Tectonic evolution of the Arkaroola Basin: implications for the development of the Adelaide Rift Complex

Abstract

The Neoproterozoic to Cambro-Ordovician sediments of the Adelaide Rift Complex (formerly Adelaide Geosyncline) have been the focus of extensive investigation. Despite this, comparatively little is known about the Earliest Adelaidean Callanna Group sediments, due to their sparse preservation in outcrop geology. Exposure of the Callanna Group, and structures related to early Cryogenian graben formation at Arkaroola, in the northern Flinders Ranges, provides a unique opportunity to unravel the local geometries of rift initiation. These rocks have been subjected to multiple intracontinental deformations, most notably the Delamerian Orogeny. Through detailed structural mapping and analysis it is possible to propose models of tectonic evolution for this area. Previous regional scale mapping of the northern Flinders Ranges has identified a disparity between the tectonic history of the Arkaroola Basin and broader northern Flinders Ranges. The nature of the rifting and orogenic evolution of the Arkaroola Basin is determined though analysis of field data, rock samples in thin section and EBSD analysis.
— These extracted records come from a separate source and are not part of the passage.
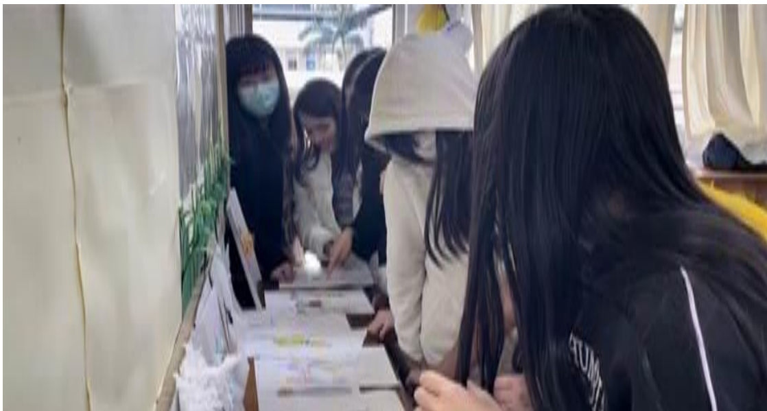
同學彼此觀摩同學的作品。
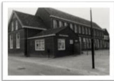
Onze Bouwsteen Kruishagelstraat

Het idee is om over 5 jaar, wanneer het gebouw er 25 jaar staat, een reünie te houden.
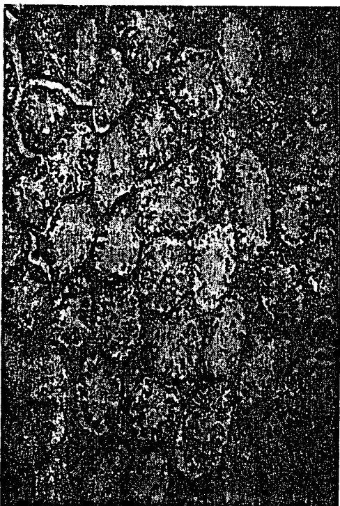
附図11 精巣, X52, 投与群(Ⅲ群-4で0.2%サリチル酸投与) 精細管の中で精祖細胞, 精母細胞, 精子細胞等の精細胞が減少し, 精子形成不十分が観察された。
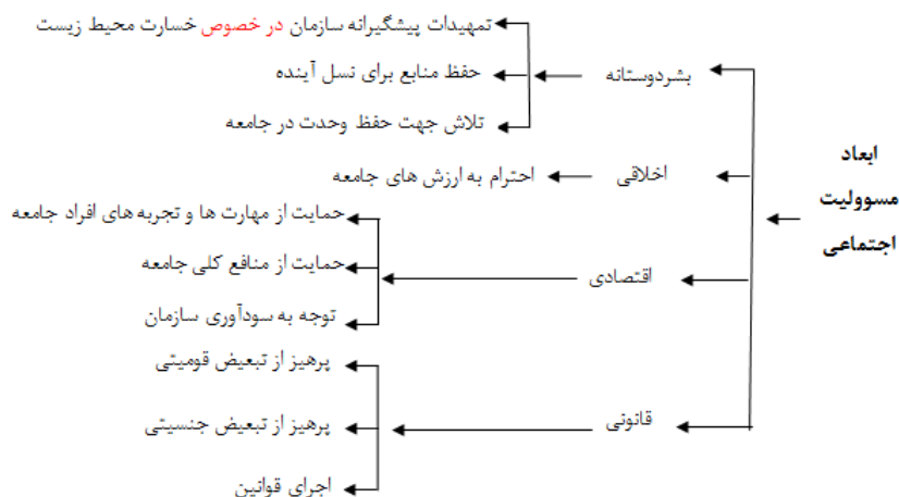
نمودار ۱. مدل مفهومی پژوهش برگرفته از نظریه کارول

با استناد به مبانی نظری، مدل مفهومی پژوهش با توجه به ابعاد و مؤلفه های اثرگذار در حوزه مسوولیت اجتماعی به شرح زیر تدوین می شود. مدل مذکور با توجه به کامل بودن مدل کارول برگرفته از این دو نظریه پرداز است. با استفاده از این مدل و نتایج محقق ساخته مدل مطلوب مسوولیت اجتماعی در سازمان تأمین اجتماعی طراحی گردید.
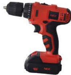
Li 1613 دریل و پیچ گوشتی شارژی باتری لیتیوم کره

Graben formation accommodated an initial period of clastic and evaporitic deposition, followed by rift related basalt extrusion. This was followed by several phases of localised rifting and deposition, controlled by evolving fault geometries. Broad-scale orthogonal folding has folded an earlier composite fabric in conjunction with bedding. This initially planar fabric, most notable in the Woodnamoka Phyllite, formed during peak metamorphism of at least 500° C and approximately 3 kbars and is primarily attributed to burial beneath a thick pile of rift and sag phase sediments, coupled with a change in horizontal stresses. This is loosely constrained to post-rift cessation and before a previously indentified thermal pulse, ca 440 Ma. A set of NE-SW trending faults in the basin have been identified as En echelon stepovers of the Paralana Fault system, responsible for the formation of the pull-apart geometries. This system of faults details a strike-slip duplex, the reactivation of which, coupled with an anomalously high-heat producing basement, has controlled and localised deformation of the Arkaroola Basin.